Harris konnte punkten, als sie Trump vorwarf, er habe am 6. Januar einen „gewalttätigen Mob“ aufgehetzt. „Ich war dabei, und an diesem Tag hat der Präsident der Vereinigten Staaten einen gewalttätigen Mob dazu angestiftet, das Kapitol unserer Nation anzugreifen und es zu entweihen“, sagte sie. Trump entgegnete, er hätte lediglich eine Rede gehalten und nicht zum Putsch aufgerufen. Dafür lag er klar vorn, als sie ihm vorwarf, ein Feind der Demokratie zu sein. Er hätte eine Kugel wegen genau dieser Vorwürfe kassiert.
Ein anderer Punkt ging an Trump, als er Harris vorschlug, nach Washington zu fahren, Biden um vier Uhr Nachmittags zu wecken, und ihn die Grenze schließen zu lassen. Als Präsident könne er das nämlich.

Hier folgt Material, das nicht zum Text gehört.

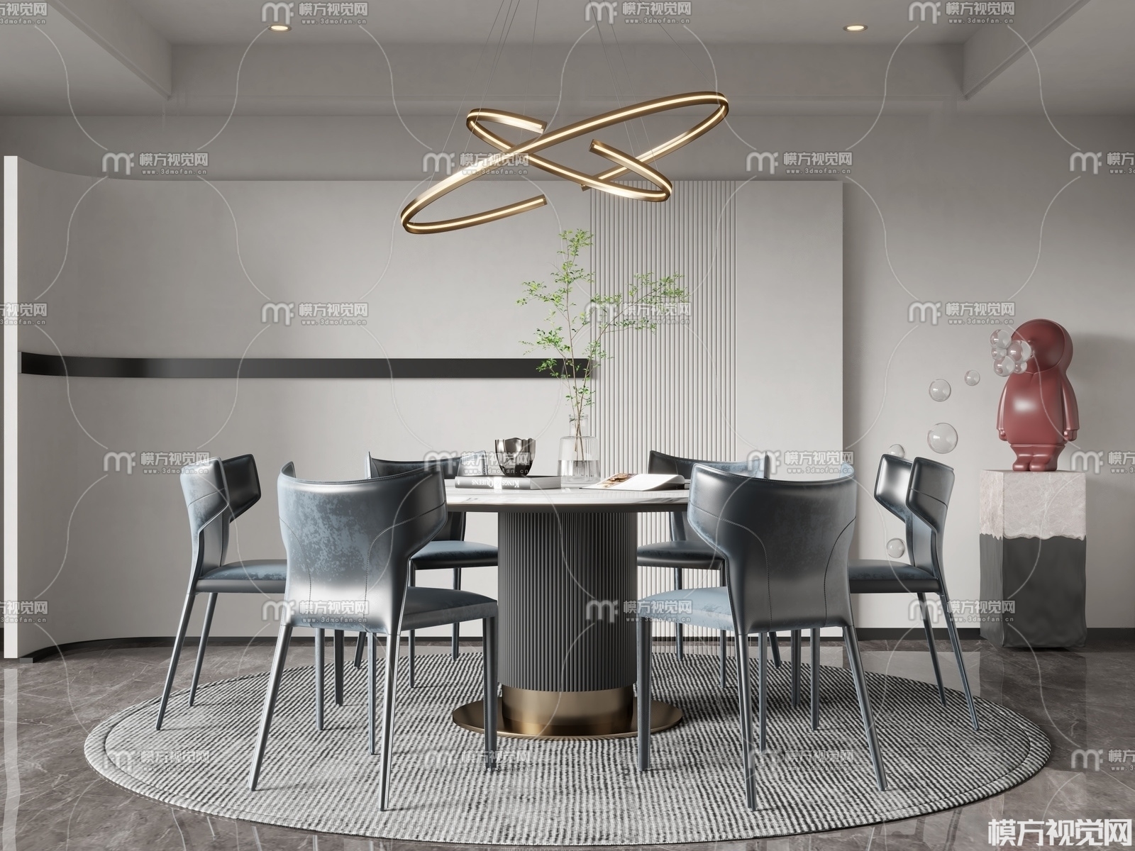 现代圆形餐桌椅3D模型(ID:0014050)

Israel und Hamas waren ein Punkt für Trump. Unter seiner Regierung herrschte fast schon Frieden im Nahen Osten, während die Biden/Harris-Regierung den Iran finanziell aufbaute, der daraufhin die Hamas- und IS-Terroristen finanzierte.

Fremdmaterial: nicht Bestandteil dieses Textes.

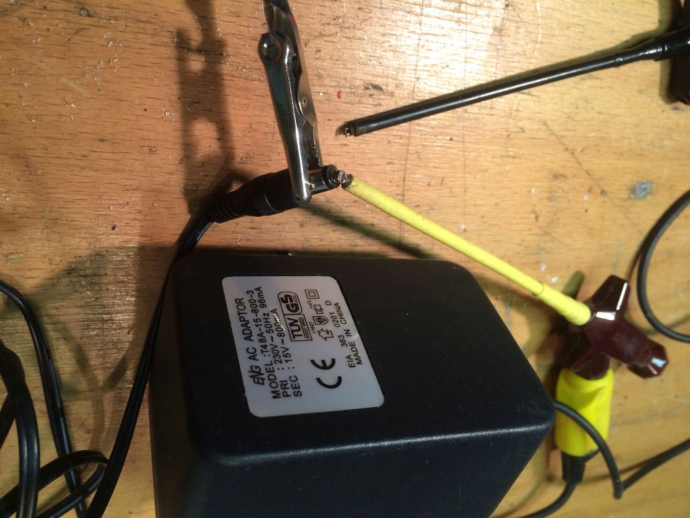 Ich habe es mit einer alten Kohlebürste von einem Elektromotor gemacht. Trafo hatte 15 Volt, das zischt dann schon, wenn man zu lange auf einer Stelle bleibt.

Der Versuch, ihn als Rassisten zu brandmarken, ging nach hinten los. Auf ihre Hautfarbe angesprochen erwiderte er kurz, es gäbe kaum etwas, was ihn weniger interessiere, und erschien dabei durchaus überzeugend. Der Klimawandel wurde von Harris als wichtiger Punkt für junge Menschen gesehen, Trump wies darauf hin, dass man sich Klimawandel auch leisten können müsse.
Insgesamt war es ein Hin und Her, ein Gewinner war schwer zu erkennen. Trump hatte sich deutlich mehr unter Kontrolle als bei anderen Events, nur ab und an gelang es Harris, ihn aus der Reserve zu bringen. Sie wirkte anfangs unsicher und einstudiert. Wie die Herausforderin, die den amtierenden Präsidenten angreift – eine Taktik, die ihr Team ihr wahrscheinlich nahe gelegt hatte.

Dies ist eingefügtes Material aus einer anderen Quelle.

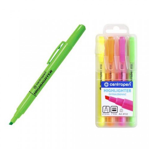 Sada celofluorescenčních zvýrazňovačů s ergo držením. Reflexní pigmentový inkoust vhodný pro zvýrazňování textů na všech druzích papíru. Ventilační chránítko. Mix barev. Klínový hrot.Zvýrazňovač CENTROPEN 8722/4 sada

Trump dagegen wirkte so staatsmännisch wie selten zuvor und deutlich weniger aggressiv. Beide beantworteten Fragen nach Gutdünken, Unterschiede waren hier kaum zu erkennen. In Sachen Redezeit lag er deutlich vorne, nutzte die ihm zustehende Zeit voll aus. Insgesamt wirkte sie aber besser vorbereitet.
Verlierer waren ganz klar ABC und die beiden Moderatoren David Muir und Linsey Davis. Kamala Harris wurde kaum kritisch hinterfragt, geschweige denn angegriffen. Eher wirkte die Debatte wie eine journalistische Gefälligkeit.